Now I have looked at the Religious Right's agenda about being against people who are homosexual, and being against -- being for prayer in the school and being against abortion, and I can find about five scriptures that may speak to those issues, and four of them they misinterpret. 
And none of them ever trump this ethical demand: that you love your neighbor as yourself.
And that you do justice and you love mercy!

As Barber notes, the Jewish and Christian scriptures are full of passages enjoining us to do justice and love mercy, to make love of neighbor the foundation of our spiritual lives: he's marked 2,000 scriptures insisting on this. By contrast, a powerful segment of Christians today zero in on some five texts, most of them taken out of context and misunderstood, that, as they insist, focus the Christian message more or less exclusively on abortion and homosexuality. This obsessive focus on the minor key of culture-war shibboleths, which obliterates the major key of the Jewish prophets and Jesus himself in the gospels — Do justice, love mercy, and walk humbly with God — presents a serious problem to the rest of us who claim the Christian faith, since we're convinced that the obsessive focus on culture-war shibboleths distorts what our faith is all about, in its very roots.

In my response to tinywriting, I note how a neo-Calvinist impulse is emerging in American evangelicalism today, and how this impulse is particularly attractive to right-trending evangelicals. Briallen Hopper discusses this movement in an essay published in June at the Religion and Politics site. As she notes, one of the leading proponents of neo-Calvinism in American evangelical circles is the Seattle megachurch pastor I discussed two days ago, Mark Driscoll, whose theology is, in the view of many evangelical critics, strongly skewed by misogyny and homophobia.

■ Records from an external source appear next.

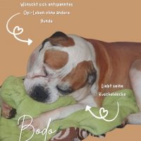 Mit seinen etwa 12 Jahren ist Bodo ein richtiger Senior, doch man sollte sich von seinem Alter nicht täuschen lassen: Er ist freundlich und aufgeschlossen, kann ein ganz schöner Sturkopf sein und sollte auch aufgrund seiner fast 50 Kilogramm nicht unterschätzt werden. Denn eine Sache, die der Opi gar nicht mag, sind andere Hunde. Eine Seniorenresidenz ganz für Bodo alleine, ohne andere Hunde, Haustiere oder kleine Kinder ist genau das Richtige für ihn. Am besten ist ein ruhiges, ebenerdiges Zuhause, gerne auf dem Land, bei Menschen mit Hundeerfahrung, die unserem Bodo den Lebensabend schenken, den er verdient.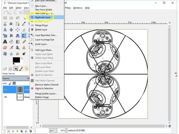 Ahora tenemos una capa con una imagen doble de BB8 y la capa de rebanadas de pastel que nos estamos dejando solo.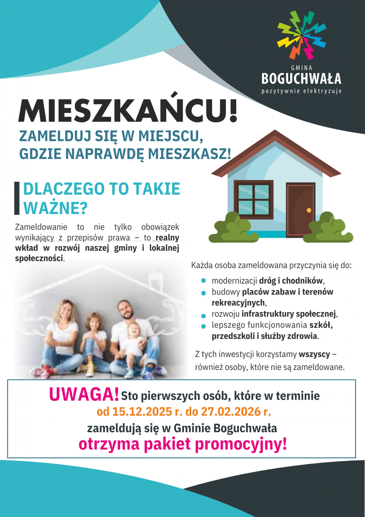 Pierwsze 100 osób, które od 15 grudnia 2025 r. do 27 lutego 2026 r. zameldują się na stały pobyt w Gminie Boguchwała, otrzyma wyjątkowy pakiet prezentowy do wyboru: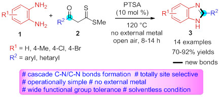 8. Brønsted acid-catalyzed metal-free one-pot synthesis of benzimidazoles via [4+1] heteroannulation of ortho-phenylenediamines with β-oxodithioesters (KL-10069OP)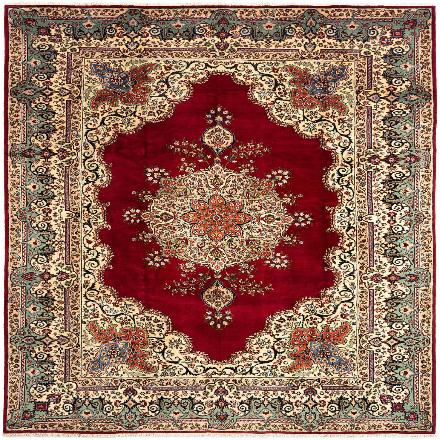 An 8x11 rectangular Persian wool rug featuring a rich red field with an intricate floral medallion and a cream border.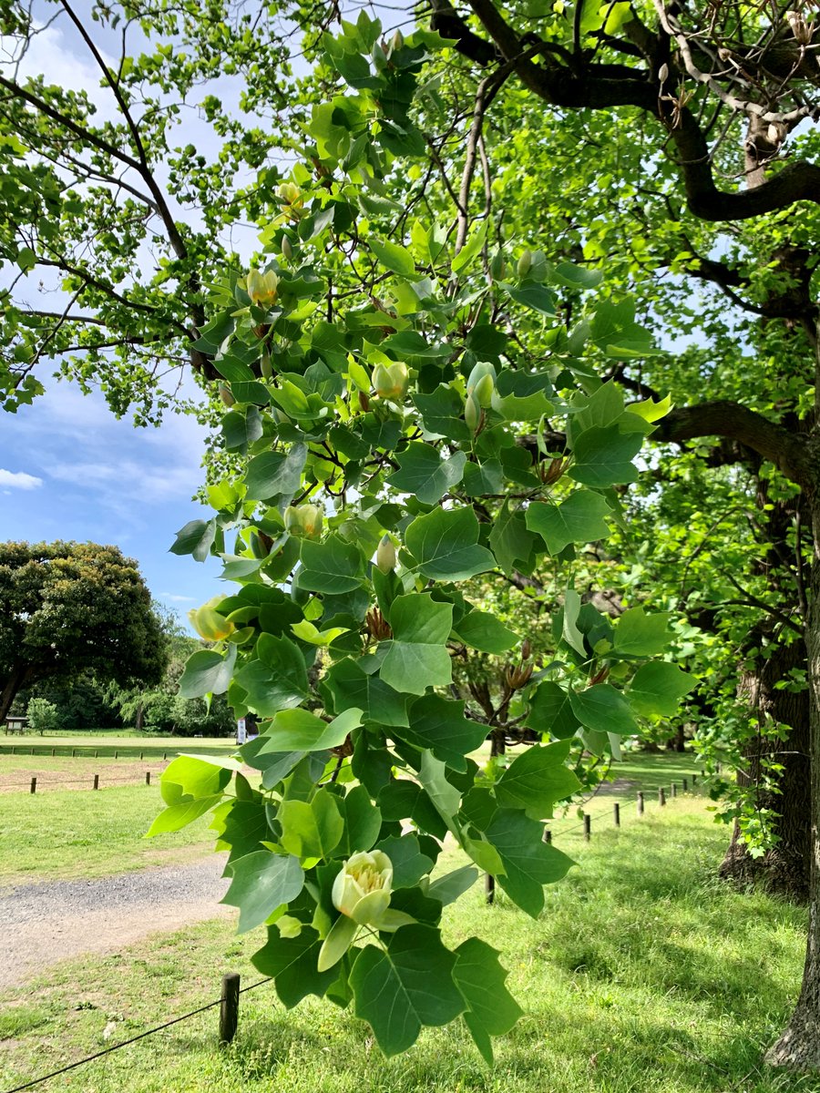 内堀のユリノキが花をつけ始めました!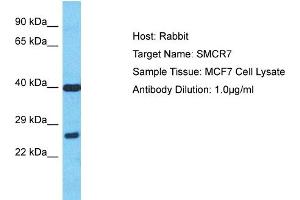 The immunogen is a synthetic peptide directed towards the N-terminal region of Human SMCR7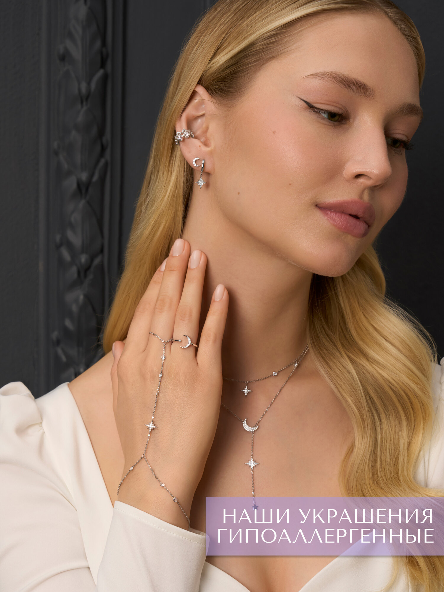 Серьги конго MIESTILO, серебро, 925 проба, родирование, фианит, размер 10 мм, длина 2 см, , серебристый интересное:

Though, as Briallen Hopper also notes, other American Calvinists including Marilynne Robinson retrieve quite different aspects of the Calvinist tradition than commentators like Driscoll do (I discussed Robinson's valuable attempt, in When I Was a Child I Read Books, to retrieve Calvinism's tradition of liberalism in this posting in April 2012), what is coming to dominate the imagination of many Americans who hear that American evangelicals want to retrieve the Calvinist roots of evangelical movements is what I would call a hardline understanding of Calvinism.

This is a Calvinism that seizes on a handful of biblical texts to proclaim the supremacy of men and the second-class status of women in church and society, and that holds a rigid, exclusionary line against those who happen to be born gay, lesbian, or bisexual, or who are transgender or intersex. Hardline Calvinism of the ilk of Mark Driscoll or Presbyterian theologian Robert Gagnon or Southern Baptist leader Albert Mohler makes male domination and suppression of the female litmus tests of orthodoxy and doctrinal purity.

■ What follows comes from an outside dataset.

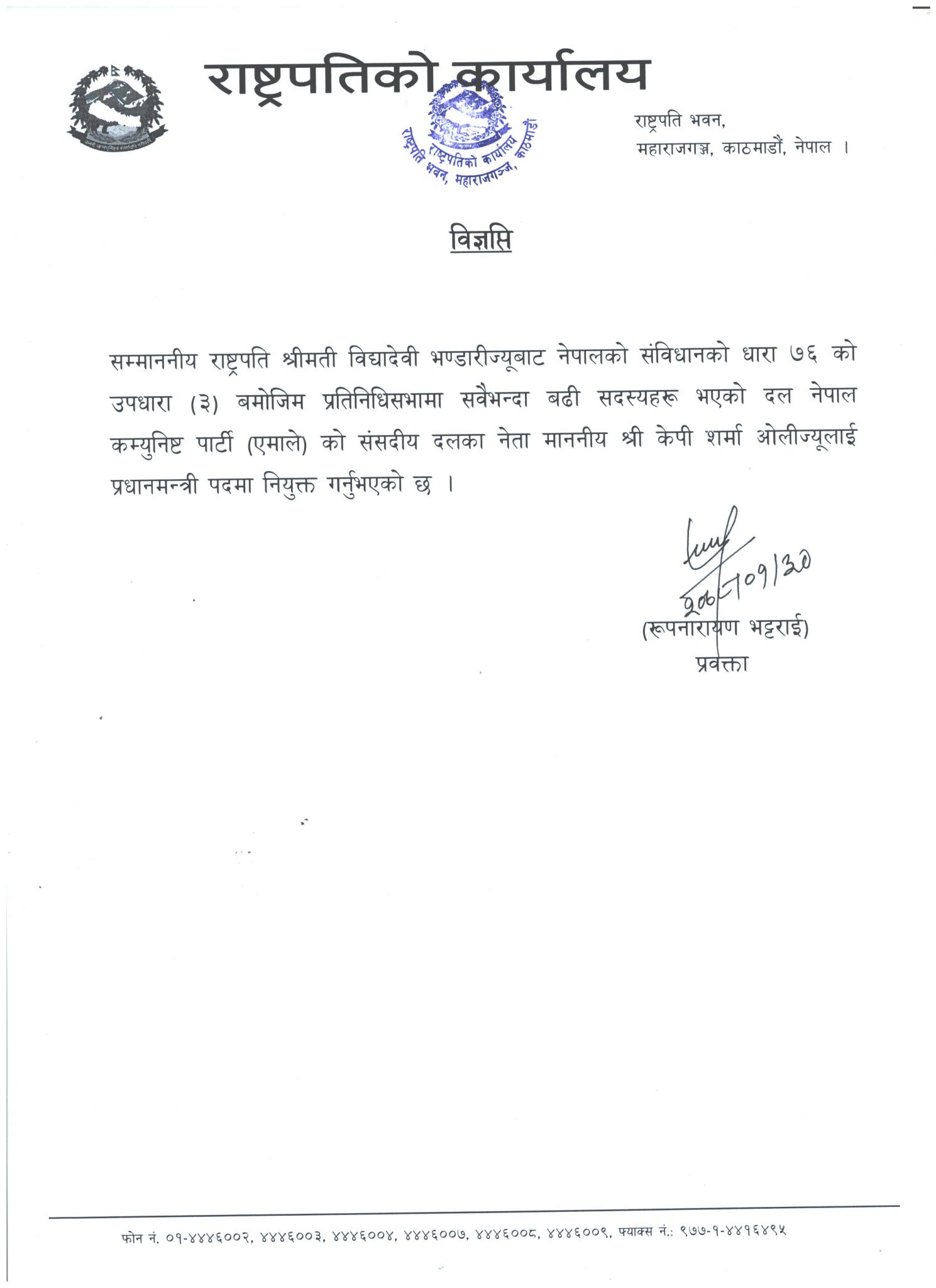 Meanwhile, PM Oli is being sworn in at 2:30 pm Friday at the President’s Office.

Moreover, this hardline Calvinism as it's currently being retrieved by some American evangelicals has very strong aspirations to theocratic control of the political sphere. In key respects, it harkens back to the Puritan experiment of colonial New England, which might be called the apogee of the Calvinist movement in North America, and which was explicitly theocratic. For many of the rest of us, the Puritan moment in American history had some very serious downsides, and we're more than a little troubled by talk about reviving a theocratic experiment that we quickly outgrew in the formative period of American history, and with good reason. 

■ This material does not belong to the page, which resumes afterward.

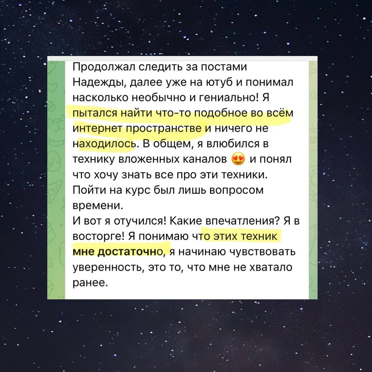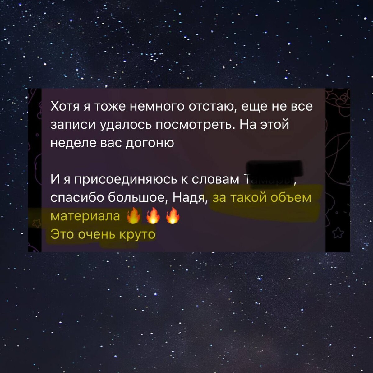 Здесь начинается погружение. Раз в два дня вы получаете не «урок», а ключевой элемент мозаики метода. Это не поток информации — это построение собственной библиотеки паттернов и принципов, к которой у вас будет доступ навсегда. Чат-сообщество — не для болтовни, а для расшифровки сложных моментов вместе с единомышленниками.

I'll say outright here that my thinking about these matters of late has been very much influenced by my recent reading of Margaret Atwood's dystopian novel The Handmaid's Tale, which a reader of this blog, Kathy Hughes, had recommended to me some time ago. I found Atwood's story of a dystopian future for the United States, in which a powerful elite of theocratic men seize control of the government by force of arms and then subjugate women to the status of breeding machines, compelling reading.

And I'm taken by the following observations in an essay she wrote for The Guardian several years ago, about the imaginative roots from which her novel springs:

The deep foundation of the US – so went my thinking – was not the comparatively recent 18th-century Enlightenment structures of the republic, with their talk of equality and their separation of church and state, but the heavy-handed theocracy of 17th-century Puritan New England, with its marked bias against women, which would need only the opportunity of a period of social chaos to reassert itself. 
Like any theocracy, this one would select a few passages from the Bible to justify its actions, and it would lean heavily towards the Old Testament, not towards the New. Since ruling classes always make sure they get the best and rarest of desirable goods and services, and as it is one of the axioms of the novel that fertility in the industrialised west has come under threat, the rare and desirable would include fertile women – always on the human wish list, one way or another – and reproductive control. Who shall have babies, who shall claim and raise those babies, who shall be blamed if anything goes wrong with those babies? These are questions with which human beings have busied themselves for a long time.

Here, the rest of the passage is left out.